American author and speaker

Susan RoAne (ca. 1945) is an American author and speaker. She has written several business networking self-help books including How to Work a Room.

==Background==
RoAne was born Susan Rosenberg in Chicago and graduated from Mather High School in 1963. She has a bachelor's degree from the University of Illinois at Urbana–Champaign (1967) and a master's degree from San Francisco State University.

RoAne's books include How to Work a Room (1988), a self-help guidebook on how to socialize at parties and other events, oriented towards the business community. The 25th Anniversary edition, How To Work a Room: The Ultimate Guide to Making Lasting Connections In Person and Online, was published in 2013 by William Morrow Paperbacks. The book has sold over a million copies, was number one on Book-of-the-Month Club's list of best-selling nonfiction books in 1990 and has been published internationally.

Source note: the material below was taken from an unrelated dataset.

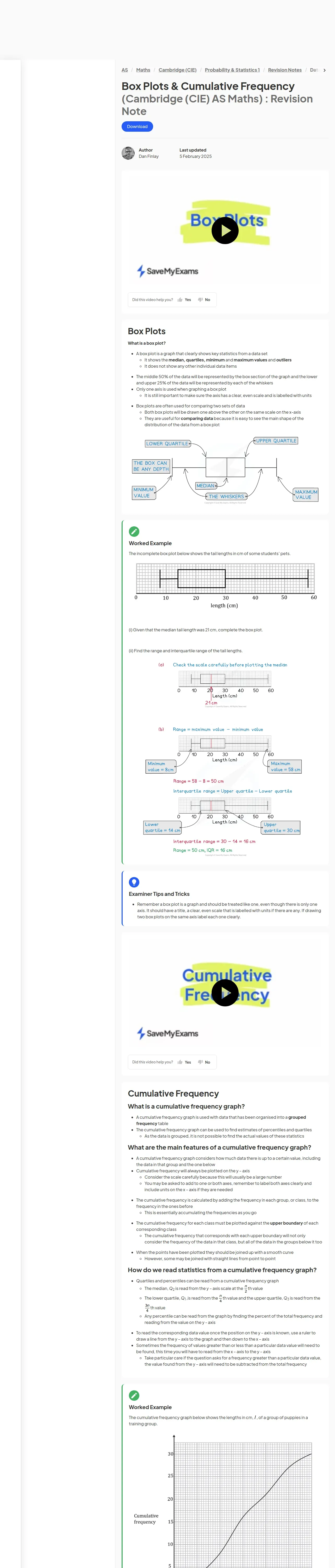 https://www.savemyexams.com:443/as/maths/cie/20/probability-and-statistics-1/revision-notes/data-presentation-and-interpretation/representation-of-data-/box-plots-and-cumulative-frequency/

As a keynote speaker, RoAne has spoken to Fortune 20–500 companies, conventions and presented at universities including University of Chicago, Yale University, NYU, Wharton School of Business, UC Berkeley, UCLA and Stanford University.

She has tied the formalization of rules for social networking to the women's movement, explaining that as women moved into the workforce, in particular beginning in the 1970s, they brought domestic networking skills re-applied to the business environment. For example, in 1988, RoAne described a "Scarlett O'Hara Syndrome" prevalent in women aged over 40 who do not initiate conversations because, as Scarlet said, "We haven't been properly introduced." Also in 1988, RoAne said, "I think women are afraid sometimes of being construed as being too forward".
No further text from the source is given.